§ Record extracts
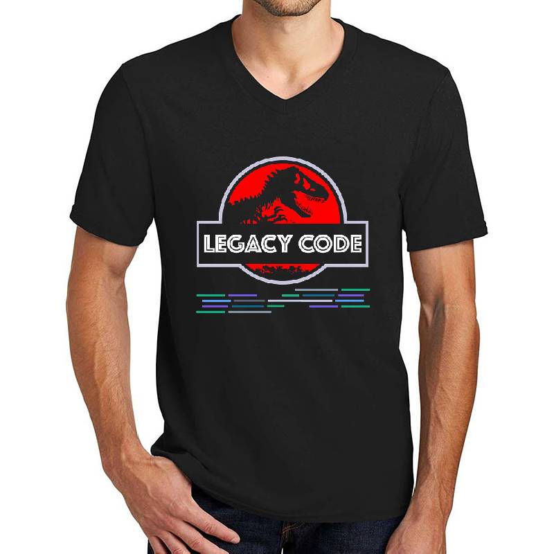 Developer Legacy Code design artwork printed on Unisex V-Neck T-Shirt with latest DTF technology. Our new management team will place serving you. We offer best online shopping experience to our customers with 30 days return and exchange policy. Shop with confidence at T-funny.comProduct Details
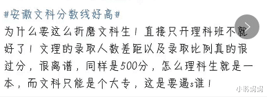 高考一直被人称为是改变命运的一场考试,而今天也注定是个不平静的一天,部分省市考生将在今天经历人生中最重要的一刻。 每年分数线和成绩出来后,都是有人欢喜有人忧,今年也不例外,不过与往年不同的是,今年忧的大部分都是文科生,尤其是安徽文科生。 2021年安徽省高考分数线出炉23日,安徽教育招生考试院官方公布今年高考录取分数线 文史类本科一批分数线为560分,本科二批线为519分,高职高专分数线为200分,而理工科本科一批线为488分,本科二批线为415分,高职高专分数线为200分。 相较于2020年,今年文科一本线比去年涨了19分,二本线比去年涨了20分,而今年理科一本线则是比去年降低27分,二本线比去年降低20分。
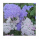 Baldosa cerámica que presenta una imagen fotográfica de flores Ageratum azules y blancas, comúnmente conocidas como Flor de flores y Rosa. ¡Un bonito diseño floral! Seleccione su tamaño de mosaico. ¡Hace un trivet de cocina de bonito!
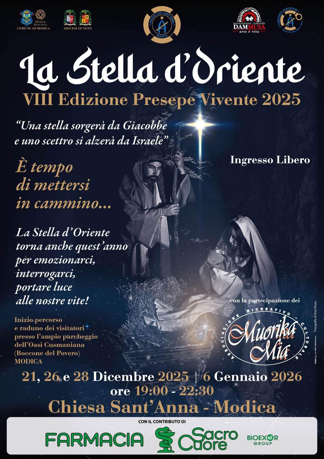 MODICA, 10 Dicembre 2025 – È quasi tutto pronto per l’VIII Edizione del Presepe Vivente organizzato dalla Parrocchia di Sant’Anna a Modica. Come da otto anni a questa parte, la comunità parrocchiale si prepara a offrire un “regalo” ai modicani e ai visitatori, mettendo in scena le suggestive immagini della Natività.
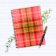 Orange and coral pink tartan design. Colors found within this tartan like pattern : orange, shades of pink, olive green, yellow, and deep burgundy.
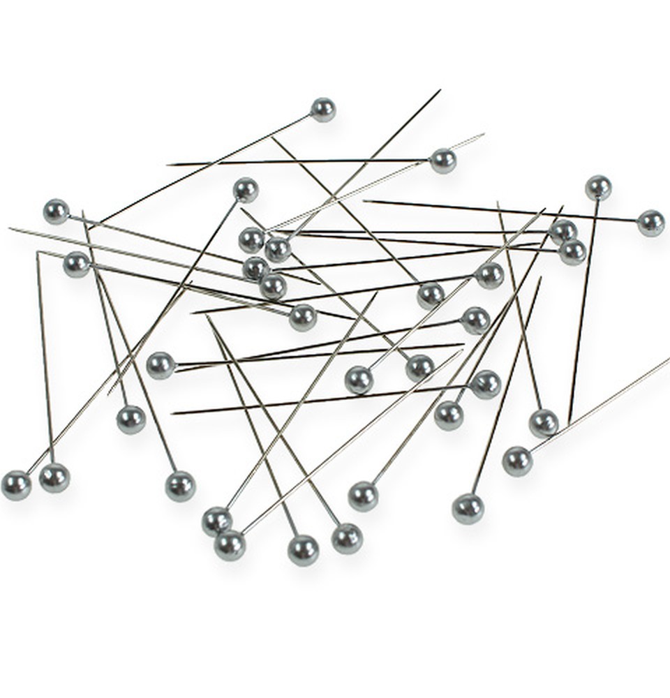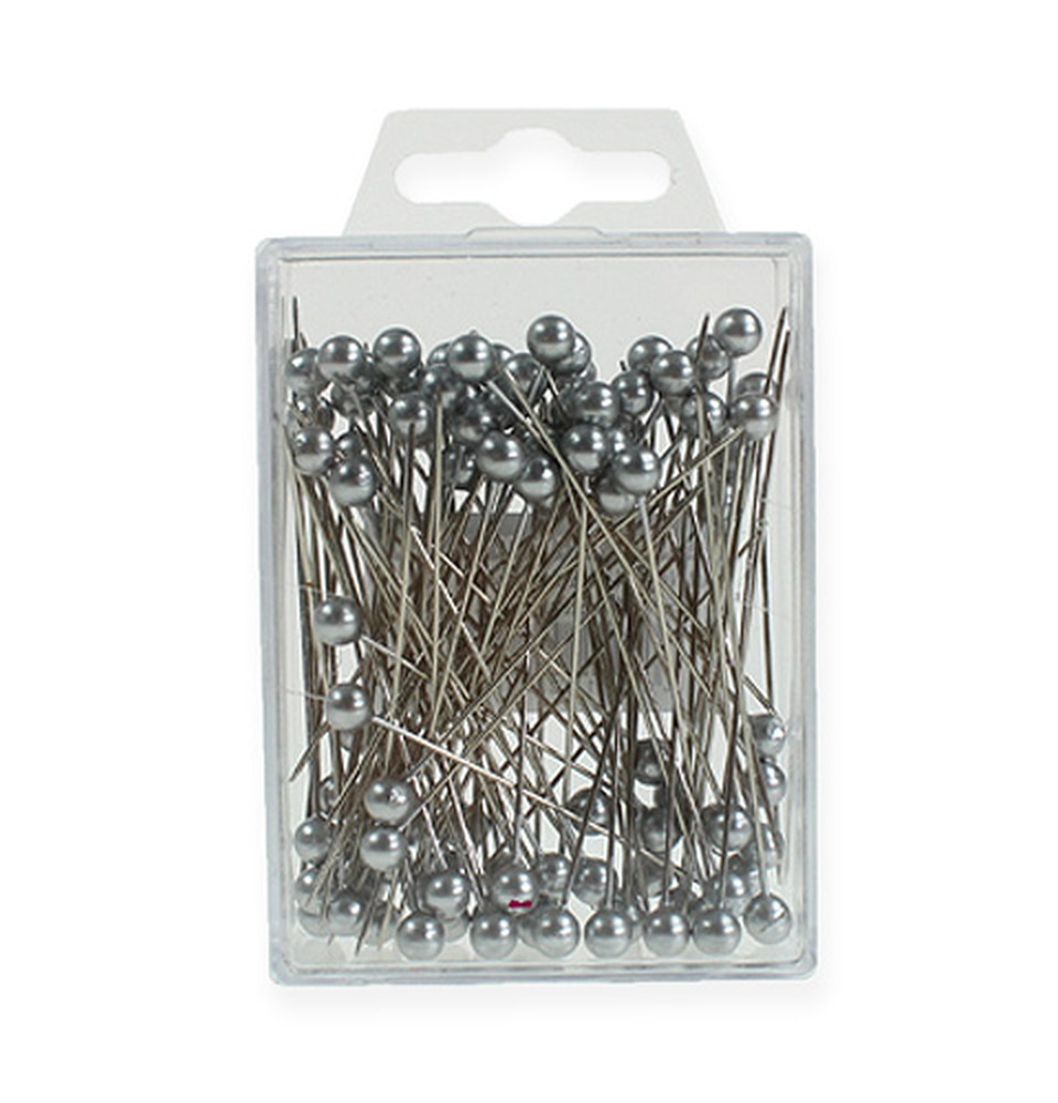 Die Perlkopfnadeln in Silber werden in einer praktischen Hängebox mit je 100 Exemplaren ausgeliefert. Eine Nadel ist etwa 65 Millimeter lang; die Perle hat einen Durchmesser von circa 6 Millimetern.
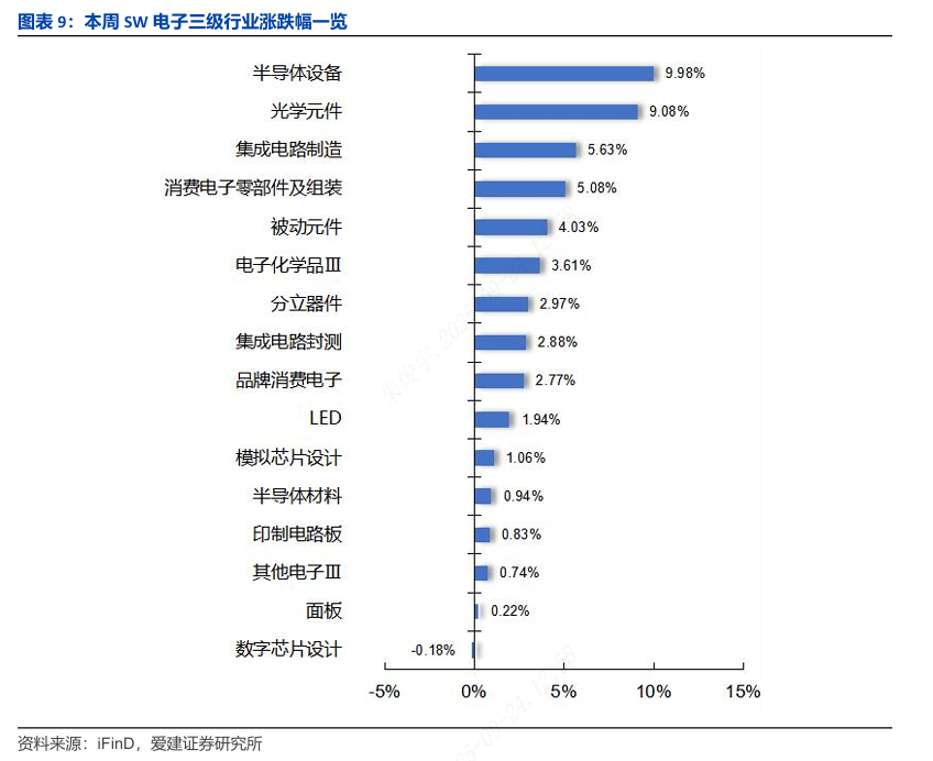 本周SW电子三级行业指数涨跌幅前三分别是:半导体设备(+9.98%),光学元件(+9.08%),集成电路制造(+5.63%);涨跌幅后三分别是:数字芯片设计(-0.18%),面板(+0.22%),其他电子Ⅲ(+0.74%)。
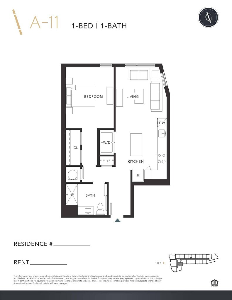 One Bedroom, Den - A11 - Floorplan 1 Apartment Unit: 514Apartment Model: One Bedroom, Den - A11$2,6501 Bedroom, 2 Bath, 798 sq ftAvailable November 7, 20252 Bedrooms
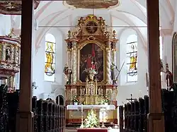 Der Hochaltar wurde im Jahr 1906 im Stile des Neobarock geschaffen. Der Aufbau wird von vier Säulen getragen, deren inneres Paar gewunden ist. Das Hauptbild zeigt den Kirchenpatron Laurentius auf dem Weg zu seinem Martyrium. Das Auszugsbild stellt die Heilige Familie dar. Beide Bilder wurden Georg Halter aus Regensburg gemalt. Die Seitenfiguren St. Anna (links) und St. Joachim (rechts) stammen noch vom Vorgängeraltar und wurden 1767 von dem Rottenburger Bildhauer Felix Pämmer geschaffen. Auf dem vergoldeten Tabernakel steht eine spätgotische Marienfigur aus der Zeit um 1470/80.[2]
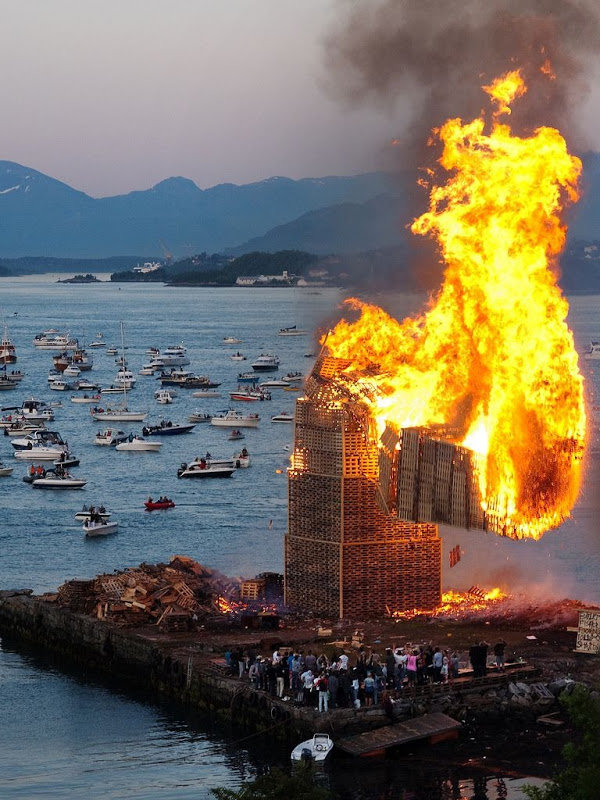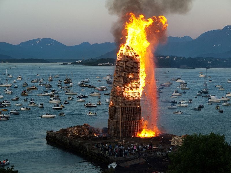 Pero, ¿sabes cuáles la ciudad donde se monta la más grande? Al parecer, en la ciudad noruega de Alesund tienen el record desde 2010, cuando se construyó una torre de 40,45 metros para después prenderla. Por seguridad, este fuego se realiza cerca del mar para que, al caer los resto, no incendien nada a su alrededor.
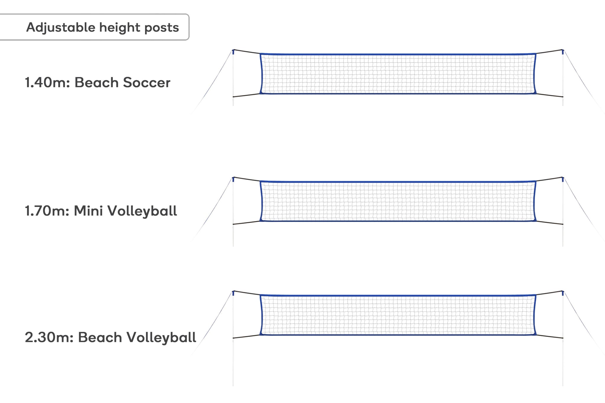 With two adjustable posts, you can change the height of the net to play beach volleyball, soccer or mini volleyball games.
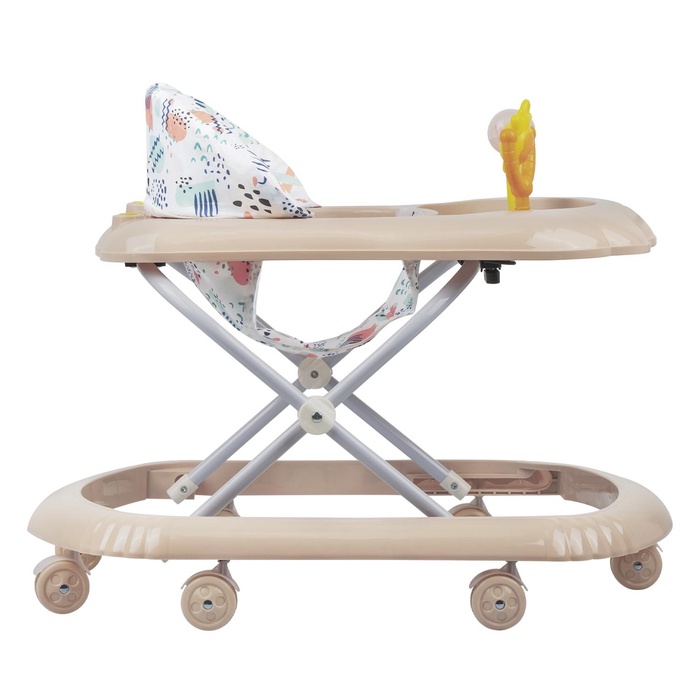 Данная модель имеет устойчивое основание на сдвоенных колёсиках. Широкий бампер защитит непоседу от столкновений с мебелью или другими предметами в квартире. Высота конструкции регулируется. Чехол выполнен из практичной ткани, его можно снять для чистки или стирки. Для удобства хранения и транспортировки устройство складывается.

§ Work instructions
The required result is an exact copy of the lines from the line containing "With two adjustable" through the end of the entries, with every picture left out.

§ Exercise solution
 With two adjustable posts, you can change the height of the net to play beach volleyball, soccer or mini volleyball games.
 Данная модель имеет устойчивое основание на сдвоенных колёсиках. Широкий бампер защитит непоседу от столкновений с мебелью или другими предметами в квартире. Высота конструкции регулируется. Чехол выполнен из практичной ткани, его можно снять для чистки или стирки. Для удобства хранения и транспортировки устройство складывается.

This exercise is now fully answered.